Periodic Reporting for period 4 - GRANT (Groups, Representations and Analysis in Number Theory)

Reporting period: 2020-03-01 to 2021-08-31

There are two related families of objectives on which I have worked within framework of the project. I will leave aside some subdivisions of the project that have resulted in a couple of publications, so as to focus on the main tasks.

a) Growth in groups. Consider a finite subset A of a group, that is, a set whose elements can be multiplied. Now consider the set B of all things that can be obtained as the product of, say, elements of A. Generally, B will have more elements than A, but how many more?

This question - growth - is closely related to that of diameter. In the case of permutation groups, the concept of diameter can be explained very simply. Rubik's cube, and other puzzles like it, can be solved by means of some combination of moves; they give good examples of bpermutation groups, in that we permute pieces in some allowable ways. What is the smallest number d such that every reachable position in a puzzle can be reached in at most d moves? This number d is called the diameter (of the Cayley graph of the group, which describes all possible positions and how to move between them). In fact, the diameter can be defined in the same way for other finite groups, including matrix groups. (Matrix groups give us all the infinite families of finite simple groups other than the alternating groups, which are permutation groups).

There is a third, closely related question, particularly important for applications - the notion of expansion.
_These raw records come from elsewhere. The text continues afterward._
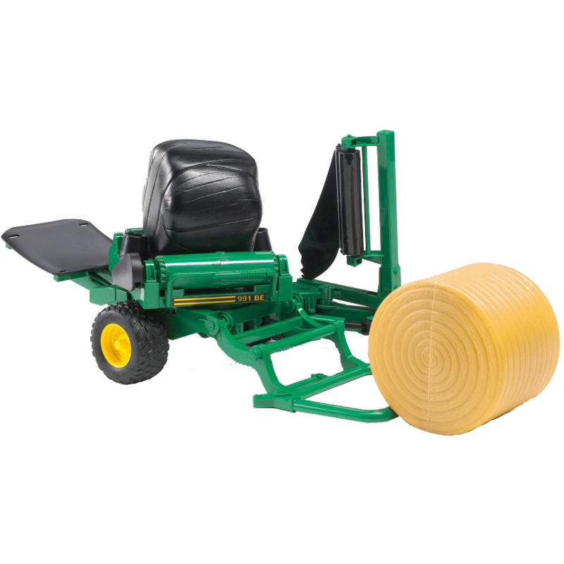 Met een balenwikkelaar is het inpakken van hooibalen nog makkelijker. Plaats de hooibaal en door de roterende bewegingen wordt de hooibaal snel ingepakt om makkelijk te vervoeren. Deze balenwikkelaar van bruder draait echt tijdens het rijden en kan worden gecombineerd met de Claas Rollant 250 ronde balenpers (art. nr. 02121) en met alle trekkers van de Profi-serie.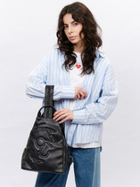 Удобство ношения обеспечено продуманной конструкцией: две укреплённые стропой регулируемые ручки длиной 82 см позволяют подобрать оптимальную длину для комфортного ношения на плече. А если вам удобнее держать рюкзак в руке — предусмотрена специальная маленькая ручка. Внутреннее пространство организовано максимально рационально: основное отделение на молнии вмещает крупные предметы, открытый карман удобен для хранения вещей, к которым нужен быстрый доступ, карман для мобильного телефона защитит ваш гаджет, а дополнительный карман на молнии надёжно сохранит ценные мелочи. Снаружи рюкзака расположены два практичных кармана: один на лицевой стороне — для предметов, которые должны быть всегда под рукой (ключи, проездной), и один на молнии на оборотной стороне. В комплекте с рюкзаком идёт брендовый пыльник.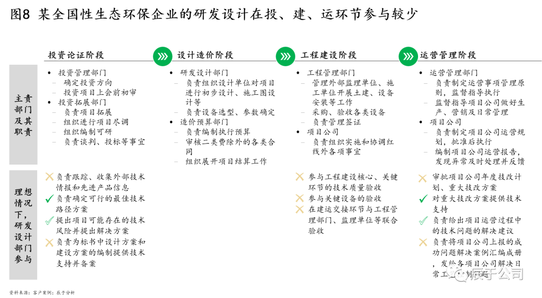 國(guó)內(nèi)生態(tài)環(huán)保企業(yè)“重投建、輕技運(yùn)”的問(wèn)題由來(lái)已久,由于沒(méi)有將研發(fā)設(shè)計(jì)放在一個(gè)正確的位置與高度,導(dǎo)致總部-事業(yè)部-項(xiàng)目公司的研發(fā)設(shè)計(jì)定位不清,該總部牽頭做的沒(méi)人做,該項(xiàng)目公司負(fù)責(zé)的,由于目的明確、相對(duì)簡(jiǎn)單,各級(jí)主體“搶著做”,原本有限的技術(shù)資源散亂在內(nèi)部的各個(gè)層級(jí)和角落,沒(méi)有形成各司其職、各盡其責(zé)、上下一致的合力。

For a graph, being an expander is a stronger property than having small diameter (that is, an expander necessarily has small diameter, but not viceversa); roughly speaking, an expander graph is one in which a random walk will lead to an approximately equal distribution quickly. While the study of expander graphs was initially motivated (1967-1970s) by the problem of building robust, efficient telecommunication networks, their current applications lie mainly in theoretical computer science, group theory and, increasingly, number theory (see objective b below). The fact that a concept has applications other than the ones that motivated it demonstrates that it is natural and robust -- the "right" concept, so to speak.

My work before the start of the project consisted in proving growth in groups for some families of matrix groups and for permutation groups. My results had already been generalized by other researchers to other families of matrix groups and applied (mainly by Bourgain and Gamburd) to give expansion results. (Growth in groups implies small diameter immediately).

b) Expansion in a divisibility graph.

One of the central issues of analytic number theory is the parity problem: namely, the great difficulty in distinguishing between numbers with n prime factors and n+1 prime factors, or between numbers with an odd or even number of prime factors. Many standard tools break down at that level. We are speaking about the key lacking step in natural approaches to a plethora of hard problems. There has been remarkable progress on this issue in the last 15 years, in several ways. One direction has been that followed by Matomäki, Radziwiłł, Tao et al.; Matomäki and Radziwiłł initiated it by proving that numbers with an odd or even number of prime factors are about equally common in most short intervals. It became clear that much further progress could be made if certain graphs (joining integers n to integers n+p, for any prime p dividing n) were shown to be expanders. My objective has been to prove such expansion by means of a study of random walks in those graphs.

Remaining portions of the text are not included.